We effectively choose a summary function $b$ that bins the prediction probabilities, $b(p(s(X))).$ This is usually a simple step function, making the bins contiguous. Since $b$ is a function of a single prediction $p$, this also excludes binning processes that consider all observations at once, such as $k$-means clustering, which simplifies things considerably. It does include more common options, such as $b$ rounding $p$ to the nearest multiple of $0.05$, a common choice on calibration plots.
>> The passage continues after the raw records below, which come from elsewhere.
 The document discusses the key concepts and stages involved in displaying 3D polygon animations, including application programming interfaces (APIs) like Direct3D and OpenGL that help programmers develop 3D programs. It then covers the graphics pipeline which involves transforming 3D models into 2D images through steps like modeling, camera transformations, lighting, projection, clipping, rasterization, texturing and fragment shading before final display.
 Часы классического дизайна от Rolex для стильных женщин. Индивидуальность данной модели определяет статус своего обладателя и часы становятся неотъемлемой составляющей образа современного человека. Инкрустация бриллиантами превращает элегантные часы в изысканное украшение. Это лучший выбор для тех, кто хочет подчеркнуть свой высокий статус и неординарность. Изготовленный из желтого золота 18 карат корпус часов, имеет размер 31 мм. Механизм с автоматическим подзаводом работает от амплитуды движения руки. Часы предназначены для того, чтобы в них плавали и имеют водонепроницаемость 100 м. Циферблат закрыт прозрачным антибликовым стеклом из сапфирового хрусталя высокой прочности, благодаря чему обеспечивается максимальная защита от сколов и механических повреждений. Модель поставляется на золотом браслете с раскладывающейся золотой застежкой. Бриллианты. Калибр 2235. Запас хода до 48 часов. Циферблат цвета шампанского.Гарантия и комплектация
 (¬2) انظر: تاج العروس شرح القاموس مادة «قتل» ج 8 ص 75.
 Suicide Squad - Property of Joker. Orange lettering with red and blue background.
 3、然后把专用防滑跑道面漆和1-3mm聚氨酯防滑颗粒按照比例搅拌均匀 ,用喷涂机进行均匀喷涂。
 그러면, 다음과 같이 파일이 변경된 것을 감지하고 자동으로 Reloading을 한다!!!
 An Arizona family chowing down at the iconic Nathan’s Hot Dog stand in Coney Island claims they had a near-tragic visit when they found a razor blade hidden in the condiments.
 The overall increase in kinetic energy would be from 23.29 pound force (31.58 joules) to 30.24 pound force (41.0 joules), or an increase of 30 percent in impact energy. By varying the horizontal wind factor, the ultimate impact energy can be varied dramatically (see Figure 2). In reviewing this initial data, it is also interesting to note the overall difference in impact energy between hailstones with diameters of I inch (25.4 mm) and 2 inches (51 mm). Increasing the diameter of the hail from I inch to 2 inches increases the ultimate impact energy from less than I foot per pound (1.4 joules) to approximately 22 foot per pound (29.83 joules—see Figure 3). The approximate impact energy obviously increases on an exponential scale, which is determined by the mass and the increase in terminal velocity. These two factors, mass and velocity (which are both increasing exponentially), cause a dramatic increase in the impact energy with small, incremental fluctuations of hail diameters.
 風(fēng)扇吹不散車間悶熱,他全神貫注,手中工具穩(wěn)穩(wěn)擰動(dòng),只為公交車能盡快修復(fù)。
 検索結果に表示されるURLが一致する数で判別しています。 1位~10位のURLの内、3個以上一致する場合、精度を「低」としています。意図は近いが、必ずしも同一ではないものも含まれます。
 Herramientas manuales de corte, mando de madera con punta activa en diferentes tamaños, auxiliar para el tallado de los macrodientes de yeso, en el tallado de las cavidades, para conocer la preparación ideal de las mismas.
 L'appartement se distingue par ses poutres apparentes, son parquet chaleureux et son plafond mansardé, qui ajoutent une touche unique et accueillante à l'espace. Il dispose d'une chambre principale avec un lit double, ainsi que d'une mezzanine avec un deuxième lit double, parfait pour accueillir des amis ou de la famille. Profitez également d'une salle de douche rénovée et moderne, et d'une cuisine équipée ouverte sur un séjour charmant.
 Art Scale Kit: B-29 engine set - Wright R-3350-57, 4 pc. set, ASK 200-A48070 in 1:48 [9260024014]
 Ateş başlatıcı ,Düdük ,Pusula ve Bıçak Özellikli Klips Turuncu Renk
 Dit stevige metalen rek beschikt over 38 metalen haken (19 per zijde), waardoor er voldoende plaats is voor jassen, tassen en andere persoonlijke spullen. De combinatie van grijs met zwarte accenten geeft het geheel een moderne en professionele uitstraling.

We begin as above for the prior decomposition, but we use the expectation conditional on $B$ rather than on $X$. Since $p(X)$ is not invariant given $B$, this adds new covariance terms, like in the Tower-less prior case: $$\begin{align*} \mathbb{E}(S(p, Y)|B) =&\, \mathrm{Var}(p(X) - Y|B) + \mathbb{E}(p(X) - Y|B)^2\\ =&\, \mathrm{Var}(p(X)|B) + \mathrm{Var}(Y|B)\\ &+ (\mathbb{E}(p(X)|B) - \mathbb{E}(Y|B))^2 - 2\textrm{Cov}(p(X), Y|B). \end{align*}$$ These terms remain unsimplified in the unconditional expectation: $$\begin{align*} \mathbb{E}(S(p, Y)) =&\, \mathbb{E}(\mathrm{Var}(Y|B)) + \mathbb{E}(\mathrm{Var}(p(X)|B))\\ &+ \mathbb{E}((\mathbb{E}(p(X)|B) - \mathbb{E}(Y|B))^2) - 2\mathbb{E}(\textrm{Cov}(p(X), Y|B))\\ =&\, \mathrm{Var}(Y) - \underbrace{\mathrm{Var}(\mathbb{E}(Y|B))}_\textrm{binned resolution} + \underbrace{\mathbb{E}((\mathbb{E}(p(X)|B) - \mathbb{E}(Y|B))^2)}_\textrm{binned reliability}\\ &+ \underbrace{\mathbb{E}(\mathrm{Var}(p(X)|B))}_\textrm{within-bin variance} - 2\underbrace{\mathbb{E}(\textrm{Cov}(p(X), Y|B))}_\textrm{within-bin covariance}. \end{align*}$$ The first three terms are clear analogues to the ones we had before. The last two terms are new, arising from $p(X)$ not being removed from the conditional variance term. They exactly counter the change in the resolution and reliability terms: for decent prediction functions $p$, this should mean that their sum is negative, since the resolution-reliability sum should increase due to the loss of information when binning.
Special cases:
- If $p$ only depends on $X$ through $B := b(X)$ as a summary statistic, then $p(X)$ is invariant conditional on $B$, and the within-bin terms are equal to zero. Let $\bar{p}(b(x)) := p(x)$. This results in the expressions $$\mathbb{E}(\bar{p}(B) - \mathbb{E}(Y|X))^2 - \mathbb{E}(\bar{p}(B) - \mathbb{E}(Y|B))^2$$and $$\mathrm{Var}(\mathbb{E}(Y|X)) - \mathrm{Var}(\mathbb{E}(Y|B))$$ being equal.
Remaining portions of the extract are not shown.